* **Problem to work on**
Repeat the records below exactly, leaving out any pictures.

* **Provided records**
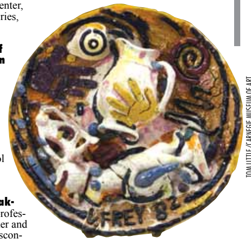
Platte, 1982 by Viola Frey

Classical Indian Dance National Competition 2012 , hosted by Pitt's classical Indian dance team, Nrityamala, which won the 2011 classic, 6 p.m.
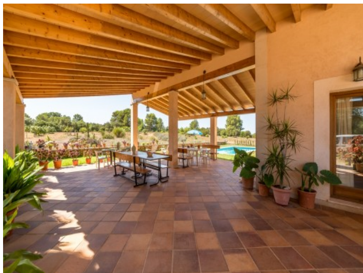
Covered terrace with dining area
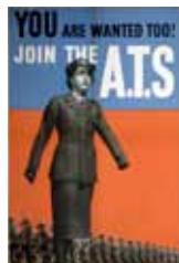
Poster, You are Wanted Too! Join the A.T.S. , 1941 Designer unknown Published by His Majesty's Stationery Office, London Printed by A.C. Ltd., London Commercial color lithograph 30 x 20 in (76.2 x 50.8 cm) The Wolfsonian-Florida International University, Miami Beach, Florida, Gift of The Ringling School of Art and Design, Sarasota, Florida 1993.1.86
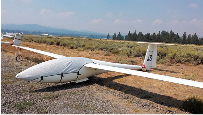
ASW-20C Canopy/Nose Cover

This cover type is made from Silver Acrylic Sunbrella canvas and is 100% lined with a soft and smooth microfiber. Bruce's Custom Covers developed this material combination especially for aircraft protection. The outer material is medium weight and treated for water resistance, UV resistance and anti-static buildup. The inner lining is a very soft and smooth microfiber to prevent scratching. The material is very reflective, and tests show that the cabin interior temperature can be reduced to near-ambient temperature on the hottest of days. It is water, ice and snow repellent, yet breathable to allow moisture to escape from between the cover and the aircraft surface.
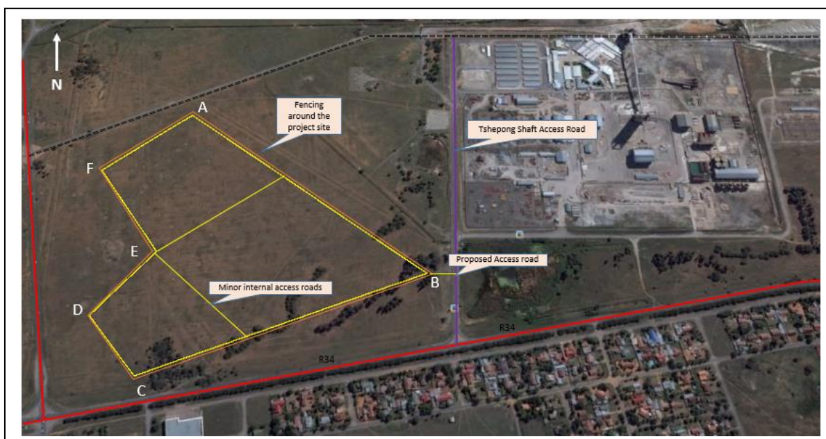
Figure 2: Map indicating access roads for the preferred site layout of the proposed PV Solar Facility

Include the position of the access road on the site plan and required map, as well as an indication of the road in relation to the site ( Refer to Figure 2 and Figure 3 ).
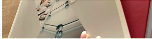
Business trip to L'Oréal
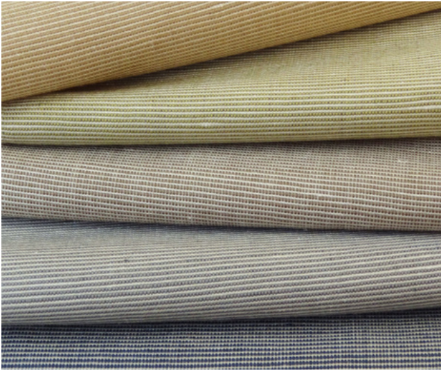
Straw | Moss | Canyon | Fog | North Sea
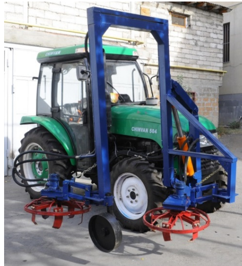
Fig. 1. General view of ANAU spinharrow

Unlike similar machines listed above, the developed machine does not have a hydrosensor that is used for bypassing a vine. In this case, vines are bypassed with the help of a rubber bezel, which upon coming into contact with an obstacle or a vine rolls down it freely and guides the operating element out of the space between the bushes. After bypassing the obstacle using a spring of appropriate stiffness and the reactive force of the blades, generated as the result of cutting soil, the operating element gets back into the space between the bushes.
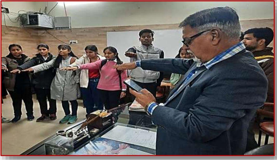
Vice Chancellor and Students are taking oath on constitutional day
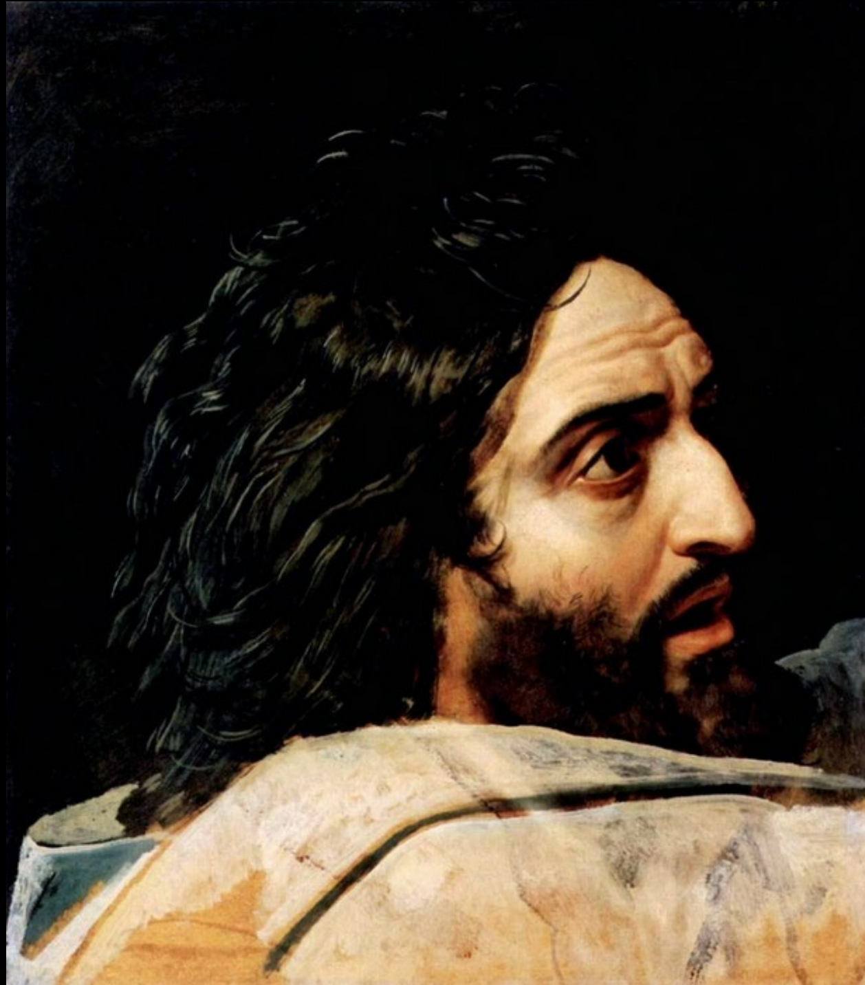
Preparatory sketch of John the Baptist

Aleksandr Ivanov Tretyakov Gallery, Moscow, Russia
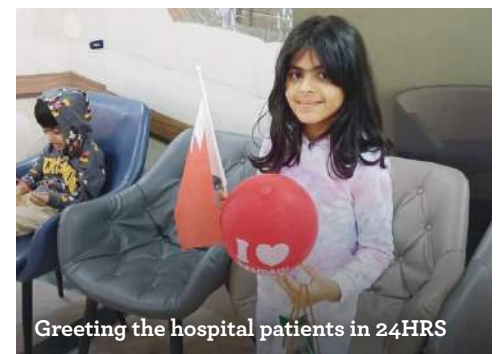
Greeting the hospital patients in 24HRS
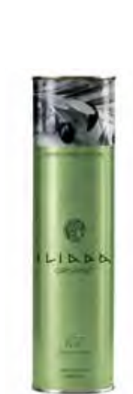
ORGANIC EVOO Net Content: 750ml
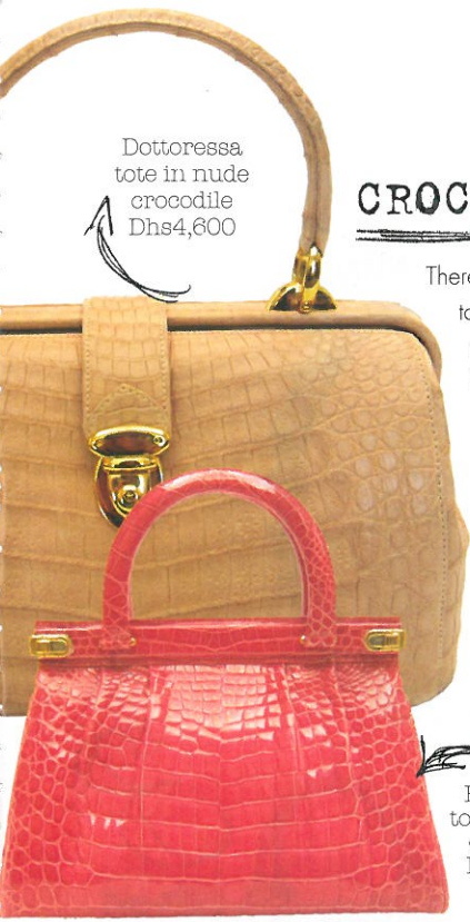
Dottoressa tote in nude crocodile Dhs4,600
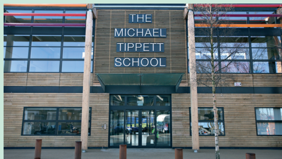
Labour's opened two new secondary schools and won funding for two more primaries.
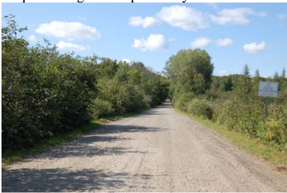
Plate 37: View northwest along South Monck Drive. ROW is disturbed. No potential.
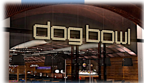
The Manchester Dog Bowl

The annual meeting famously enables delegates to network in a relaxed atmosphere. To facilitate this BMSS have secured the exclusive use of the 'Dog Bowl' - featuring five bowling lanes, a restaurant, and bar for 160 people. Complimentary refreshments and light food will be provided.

* **Answer below**
Platte, 1982 by Viola Frey

Classical Indian Dance National Competition 2012 , hosted by Pitt's classical Indian dance team, Nrityamala, which won the 2011 classic, 6 p.m.
Covered terrace with dining area
Poster, You are Wanted Too! Join the A.T.S. , 1941 Designer unknown Published by His Majesty's Stationery Office, London Printed by A.C. Ltd., London Commercial color lithograph 30 x 20 in (76.2 x 50.8 cm) The Wolfsonian-Florida International University, Miami Beach, Florida, Gift of The Ringling School of Art and Design, Sarasota, Florida 1993.1.86
ASW-20C Canopy/Nose Cover

This cover type is made from Silver Acrylic Sunbrella canvas and is 100% lined with a soft and smooth microfiber. Bruce's Custom Covers developed this material combination especially for aircraft protection. The outer material is medium weight and treated for water resistance, UV resistance and anti-static buildup. The inner lining is a very soft and smooth microfiber to prevent scratching. The material is very reflective, and tests show that the cabin interior temperature can be reduced to near-ambient temperature on the hottest of days. It is water, ice and snow repellent, yet breathable to allow moisture to escape from between the cover and the aircraft surface.
Figure 2: Map indicating access roads for the preferred site layout of the proposed PV Solar Facility

Include the position of the access road on the site plan and required map, as well as an indication of the road in relation to the site ( Refer to Figure 2 and Figure 3 ).
Business trip to L'Oréal
Straw | Moss | Canyon | Fog | North Sea
Fig. 1. General view of ANAU spinharrow

Unlike similar machines listed above, the developed machine does not have a hydrosensor that is used for bypassing a vine. In this case, vines are bypassed with the help of a rubber bezel, which upon coming into contact with an obstacle or a vine rolls down it freely and guides the operating element out of the space between the bushes. After bypassing the obstacle using a spring of appropriate stiffness and the reactive force of the blades, generated as the result of cutting soil, the operating element gets back into the space between the bushes.
Vice Chancellor and Students are taking oath on constitutional day
Preparatory sketch of John the Baptist

Aleksandr Ivanov Tretyakov Gallery, Moscow, Russia
Greeting the hospital patients in 24HRS
ORGANIC EVOO Net Content: 750ml
Dottoressa tote in nude crocodile Dhs4,600
Labour's opened two new secondary schools and won funding for two more primaries.
Plate 37: View northwest along South Monck Drive. ROW is disturbed. No potential.
The Manchester Dog Bowl

The annual meeting famously enables delegates to network in a relaxed atmosphere. To facilitate this BMSS have secured the exclusive use of the 'Dog Bowl' - featuring five bowling lanes, a restaurant, and bar for 160 people. Complimentary refreshments and light food will be provided.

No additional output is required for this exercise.